Надо сказать, Семён Семёнович Милосердов, несмотря на лагерное прошлое, «феней» никогда не пользовался. Интеллигент – он и в Африке – интеллигент.

От неуёмных матерных слов Милосердов всегда морщился и останавливал под каким-нибудь предлогом матерщинника. Ну, никак не прививалась к нему эта наука русского словотворчества.

Бережное отношение к слову переносилось им и на поэзию, в его стихи, в чём можно убедиться, открыв на любой странице его сборники. Берёг он слово, не транжировал понапрасну.

С той же бережливостью относился он и к женщине. Поэтому красочный рассказ его о встречном обмене передовиков обошёлся без крутого перчика и клубнички.

– Так вот, – улыбался Милосердов, – отобраны лучшие из лучших – ударники подневольного труда. Не обошлось, конечно, и без блатняков. Те не утомлялись, но очень рвались в женскую колонию. «Марухи – говорили, – у нас там. Нам никак нельзя. Нам повидаться надо. Поквитаться. Приласкать кого надо. Должок спросить».
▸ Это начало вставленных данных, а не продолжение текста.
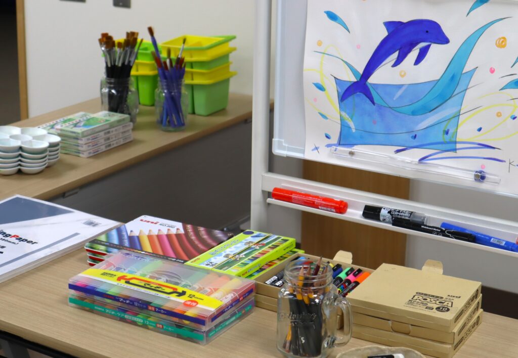 水彩絵の具をはじめ色鉛筆、クレヨン、油性ペンなど色々な種類の絵具を用意。

В лагере без блатняков ни один почин не бывает. Паразиты – одним словом. За ними сила воровских законов. Поддержка. Ну, вот – продолжает Семён Семёнович, – приехали. Как только мы вышли на сцену. Так нам и показать свою самодеятельность, попеть-поплясать, не дали. Со сцены женщины нас на руках выносили. Поплыли эти танцоры с певунами и мастерами художественного слова. Заначки, они и в лагере, заначки. Щелей и чуланчиков разных много. Вот и рассредоточились. А кому не досталось укромного места, так и под небом хорошо, лучше не бывает – Семён Семёнович смеётся лукаво, весело. Наверное, поозорничать и ему пришлось. Вспомнил вот, и снова мальчишкой стал, вроде и не было обид и страданий лагерной жизни. – Вохровцы, – говорит, откашлявшись Милосердов. – потом почти целые сутки собирали счастливчиков. Неумеренность даже в этом деле сыграла плохую службу. После этого указ вышел о переводе начальника лагеря куда-то на юг Ледовитого океана. Далеко. Так и остался почин этот без продолжения. Не поняли начальники в Москве душевных порывов. Не получилось. Так вот…

Вспоминая этот рассказ, я и теперь вижу сверкающие очки и задорное, запрокинутое к небу, по-русски добродушное лицо Семёна Милосердова. Он всегда парил выше уровня горизонта, какие бы трудности ему не встречались. Но к быту, обыденным вопросам жизни он, как мне казалось, был мало приспособлен, что можно подтвердить одним характерным случаем: однажды встретив меня на улице, Семён Семёнович посетовал на то, что в такую жару он не может принять душ – что-то случилось с краном.

Ну, кран, водопровод. Батареи отопления, железяки всякие – были как раз по моей специальности. Только инженерный институт окончил.

– Проще простого! – говорю я Семёну Семёновичу. – Ставь бутылку, и кран будет работать, как у молодого! – ёрничаю.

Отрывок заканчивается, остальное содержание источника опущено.